Definition 2.74. Two quantified propositions are logically equivalent if they have the same truth value in every universe of discourse.
Problem 2.75. Consider the propositions (∃x ∈ U)(x2 − 4 = 0) and (∃x ∈ U)(x2 − 2 = 0), where U is some universe of discourse.
(a) Do these propositions have the same truth value if the universe of discourse is the set of real numbers?
(b) Provide an example of a universe of discourse such that the propositions yield different truth values.
(c) What can you conclude about the logical equivalence of these propositions?
It is worth pointing out an important distinction. Consider the propositions “All cars are red” and “All natural numbers are positive”. Both of these are instances of the logical form (∀x)P (x). It turns out that the first proposition is false and the second is true; however, it does not make sense to attach a truth value to the logical form. A logical form is a blueprint for particular propositions. If we are careful, it makes sense to talk about whether two logical forms are logically equivalent. For example, (∀x)(P (x) =⇒ Q(x)) is logically equivalent to (∀x)(¬Q(x) =⇒ ¬P (x)) since a conditional proposition is logically equivalent to its contrapositive (see Theorem 2.39). For fixed P (x) and Q(x), these two forms will always have the same truth value independent of the universe of discourse. If you change P (x) and Q(x), then the truth value may change, but the two forms will still agree.
The next theorem tells us how to negate logical forms involving quantifiers. Your proof should involve several mini arguments. For example, in Part (a), you will need to proof that if ¬(∀x)P (x) is true, then (∃x)(¬P (x)) is also true.
Theorem 2.76. Let P (x) be a predicate in some universe of discourse. Then
(a) ¬(∀x)P (x) is logically equivalent to (∃x)(¬P (x));
(b) ¬(∃x)P (x) is logically equivalent to (∀x)(¬P (x)).
Problem 2.77. Negate each of the following sentences. Disregard the truth value and the universe of discourse.
(a) (∀x)(x > 3)
(b) (∃x)(x is prime∧x is even)
(c) All cars are red.
(d) Every Wookiee is named Chewbacca.
(e) Some hippies are Republican.
(f) Some birds are not angry.
(g) Not every video game will rot your brain.
(h) For all x ∈ N, x2 + x + 41 is prime.
(i) There exists x ∈ Z such that 1/x < Z.
(j) There is no function f such that if f is continuous, then f is not differentiable.

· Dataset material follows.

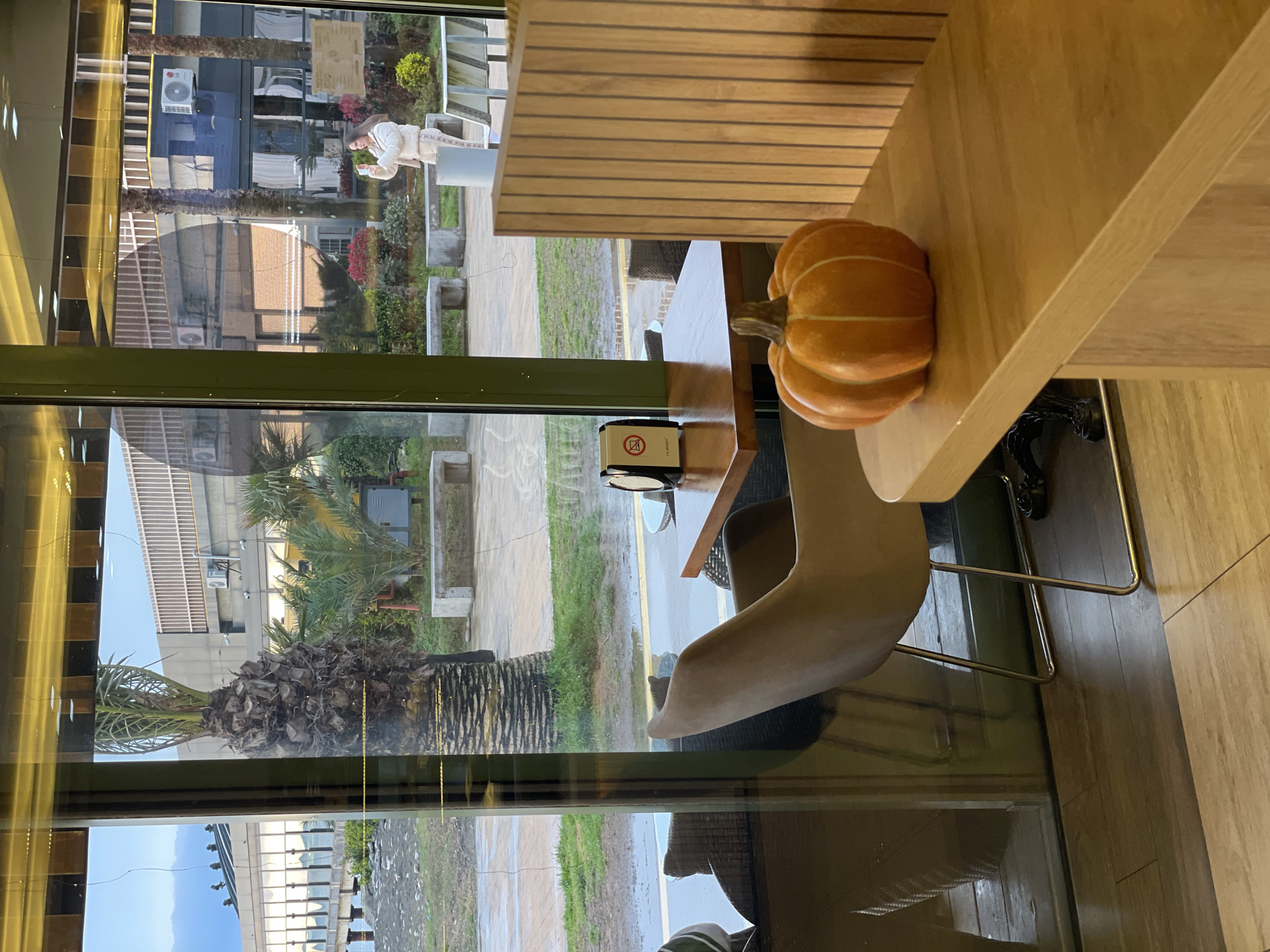 n indoor setting with a view through a large window. Inside, there is a wooden table and chair. A small orange pumpkin is on the table. Outside, the view includes trees, grass, and buildings. In the distance, a person in a white outfit is visible. The location appears to be Batumi, Georgia, based on the architecture and landscape.

Using Theorem 2.76 and our previous results involving quantification, we can negate complex mathematical propositions by working from left to right. For example, if we negate the false proposition
(∃x ∈ R)(∀y ∈ R)(x + y = 0),
we obtain the proposition
¬(∃x ∈ R)(∀y ∈ R)(x + y = 0),
which is logically equivalent to
(∀x ∈ R)(∃y ∈ R)(x + y , 0)
and must be true. For a more complicated example, consider the (false) proposition
(∀x)[x > 0 =⇒ (∃y)(y < 0∧xy > 0)].
Then its negation
¬(∀x)[x > 0 =⇒ (∃y)(y < 0∧xy > 0)]
is logically equivalent to
(∃x)[x > 0∧ ¬(∃y)(y < 0∧xy > 0)],
which happens to be logically equivalent to
(∃x)[x > 0∧(∀y)(y ≥ 0∨xy ≤ 0)].
Can you identify the theorems that were used in the two examples above?

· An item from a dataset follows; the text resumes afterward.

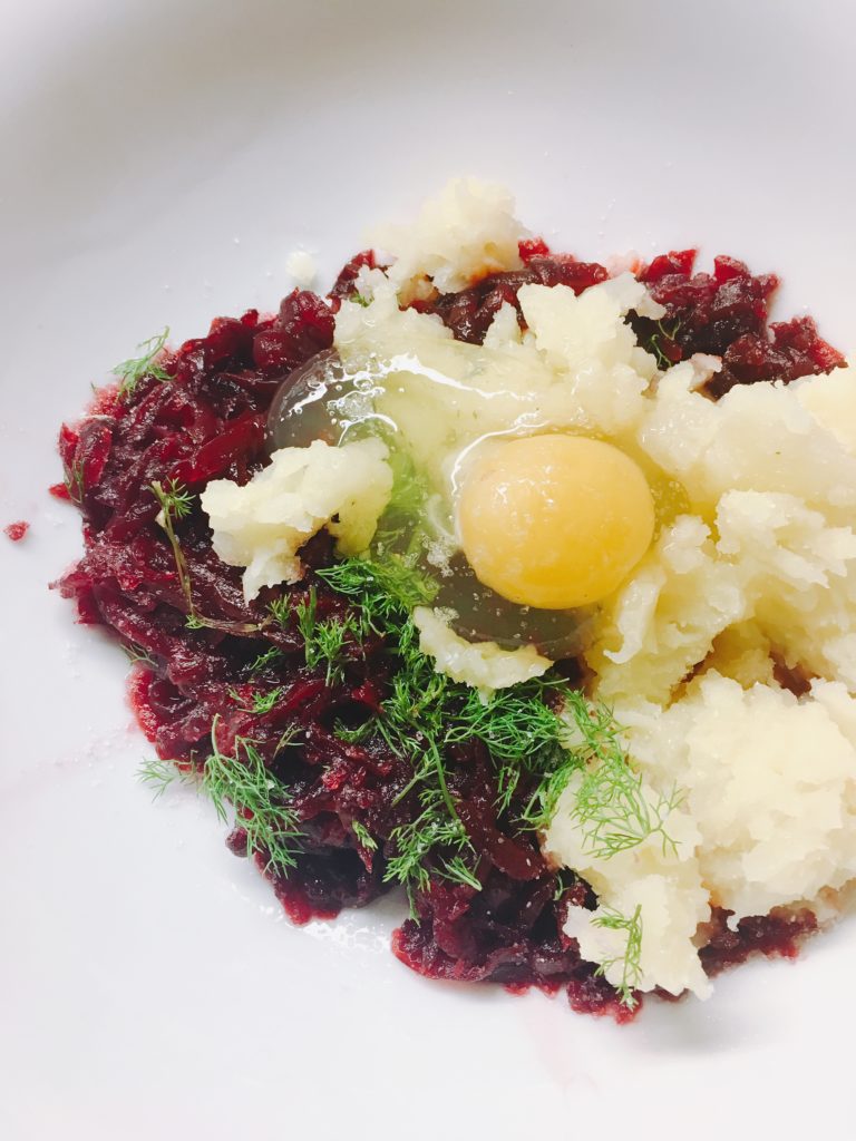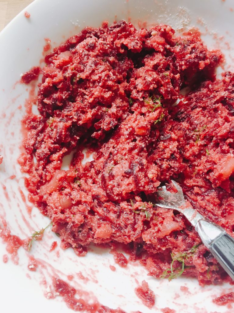 Grattugiate le barbabietole in una ciotola capiente, aggiungete la patata schiacciata precedentemente bollita, il parmigiano, il finocchietto, l’uovo e il pangrattato. Mescolate con cura e formate un composto che dovrà risultare omogeneo e non troppo molle. Aggiungete pangrattato se necessario…salate e pepate.

Problem 2.78. Negate each of the following propositions. Disregard the truth value and the universe of discourse.
(a) (∀n ∈ N)(∃m ∈ N)(m < n)
(b) For every y ∈ R, there exists x ∈ R such that y = x2.
(c) For all y ∈ R, if y is not negative, then there exists x ∈ R such that y = x2.
(d) For every x ∈ R, there exists y ∈ R such that y = x2.
(e) There exists x ∈ R such that for all y ∈ R, y = x2.
(f) There exists y ∈ R such that for all x ∈ R, y = x2.
(g) (∀x,y, z ∈ Z)((xy is even∧yz is even) =⇒ xz is even)
(h) There exists a married person x such that for all married people y, x is married to y.
Problem 2.79. Consider the following proposition in some universe of discourse.
“For all goofy wobblers x, there exists a dinglehopper y such that if x is a not a nugget, then y is a doofus.”
Find the negation of this proposition so that it includes the phrase “is not a doofus.”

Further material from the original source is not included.